*** Opening of Data section ***

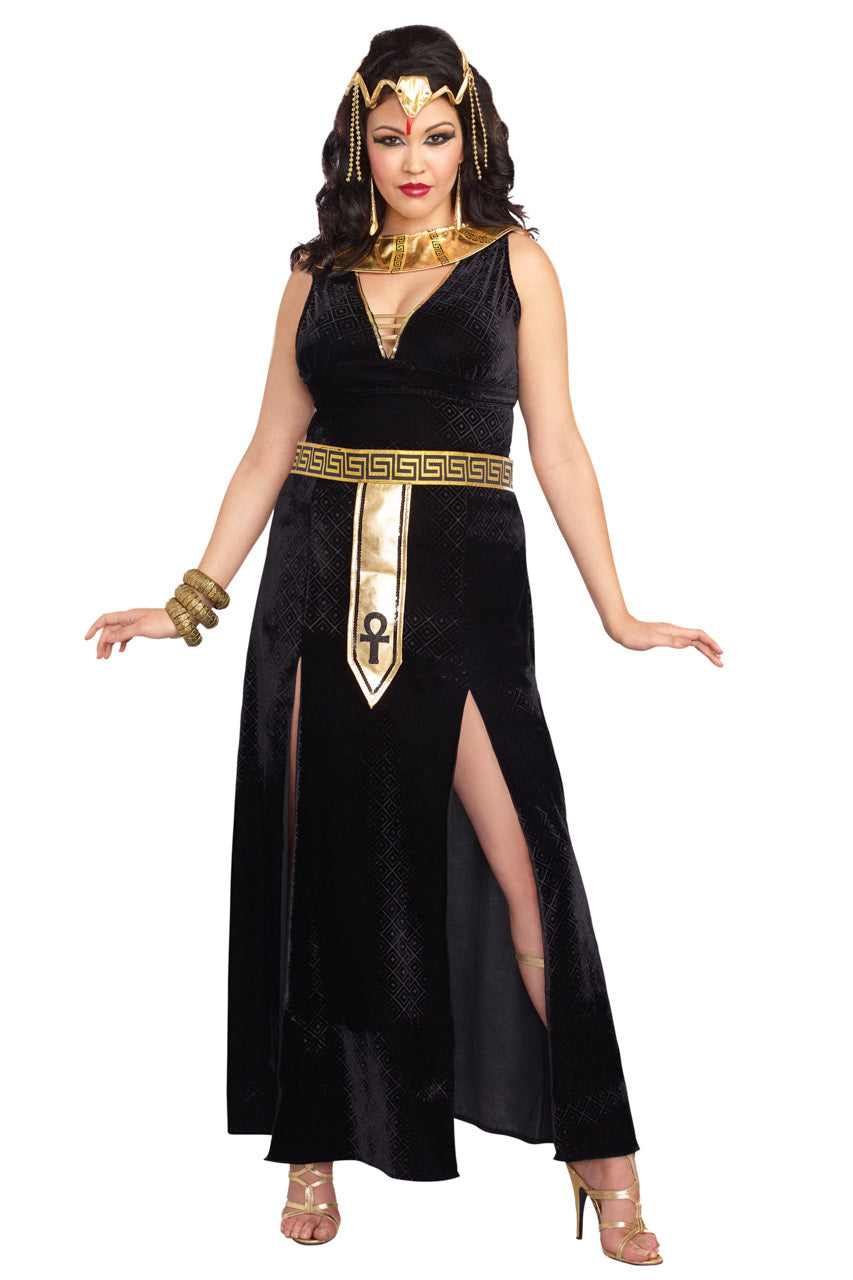 Go from Queen of the Nile to goddess incarnate in this Exquisite Cleopatra costume, which includes a long black velvet gown with embossed details, a gold collar, and a gold belt. With this sexy ensemble, you'll be able to embody Cleopatra for any holiday event or party. (Headpiece not included.)
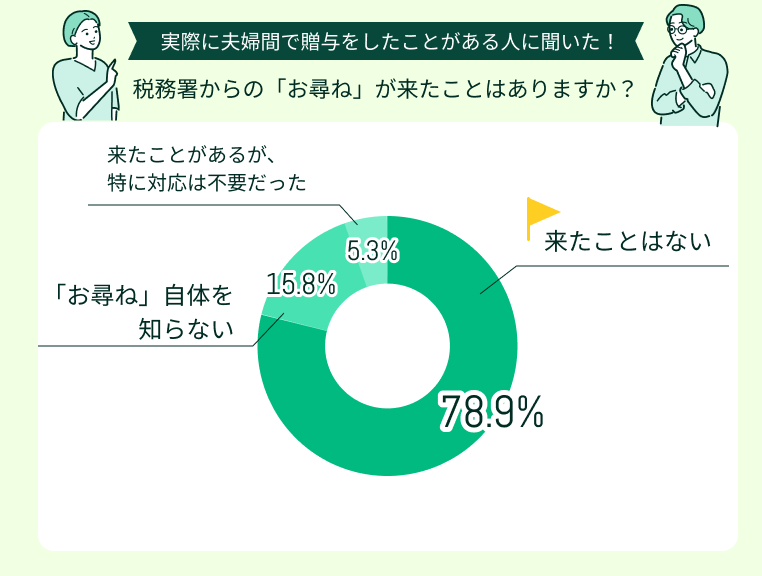 次に多かったのは「お尋ね自体を知らない」という回答です。贈与の手続きやリスクに関する知識が十分ではないまま夫婦間でお金のやり取りをしている家庭も一定数存在していることがわかります。
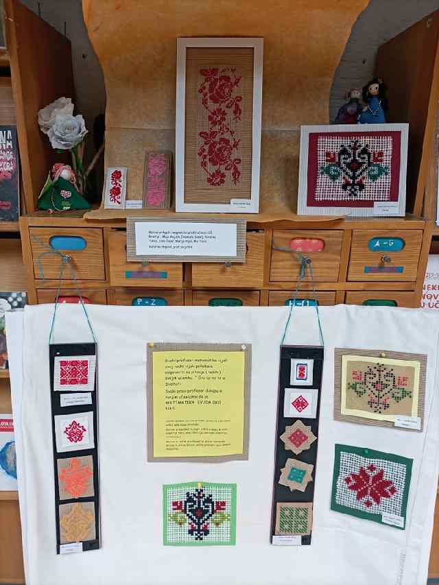 Svaki profesor matematike cijeli svoj radni vijek pokušava odgovoriti na pitanja (nekih) svojih učenika: "Što će mi to u životu?" Svaki pravi profesor dokazuje svojim učenicima da je MATEMATIKA SVUDA OKO NAS.Prof. savjetnik Katarina Hrgović nastavnica je matematike u OŠ Brestje. Ovo je već druga izložba koju je ustupila našoj knjižnici, a prikazuje kako učenici kroz ručni rad uče geometrijske pojmove kao što su centralna i osna simetrija te translacija. Motive su prikupljali proučavajući narodne nošnje naše lijepe Hrvatske, a potom ih preslikali na papir i otkrili o kojoj se vrsti simetrije radi. Potom su ih preslikavali na platnu tehnikama križića ili crtica. Tako su nastali ukrasni magnetići te radovi malo većeg formata koji se sada mogu razgledati u prostoru naše knjižnice.

*** Close of Data section ***

Instructions for the task:
Line by line and exactly, reproduce the span from the line with "次に多かったのは「お尋ね自体" through the end of the data above, both ends included, with pictures left out.

Expected answer:
 次に多かったのは「お尋ね自体を知らない」という回答です。贈与の手続きやリスクに関する知識が十分ではないまま夫婦間でお金のやり取りをしている家庭も一定数存在していることがわかります。
 Svaki profesor matematike cijeli svoj radni vijek pokušava odgovoriti na pitanja (nekih) svojih učenika: "Što će mi to u životu?" Svaki pravi profesor dokazuje svojim učenicima da je MATEMATIKA SVUDA OKO NAS.Prof. savjetnik Katarina Hrgović nastavnica je matematike u OŠ Brestje. Ovo je već druga izložba koju je ustupila našoj knjižnici, a prikazuje kako učenici kroz ručni rad uče geometrijske pojmove kao što su centralna i osna simetrija te translacija. Motive su prikupljali proučavajući narodne nošnje naše lijepe Hrvatske, a potom ih preslikali na papir i otkrili o kojoj se vrsti simetrije radi. Potom su ih preslikavali na platnu tehnikama križića ili crtica. Tako su nastali ukrasni magnetići te radovi malo većeg formata koji se sada mogu razgledati u prostoru naše knjižnice.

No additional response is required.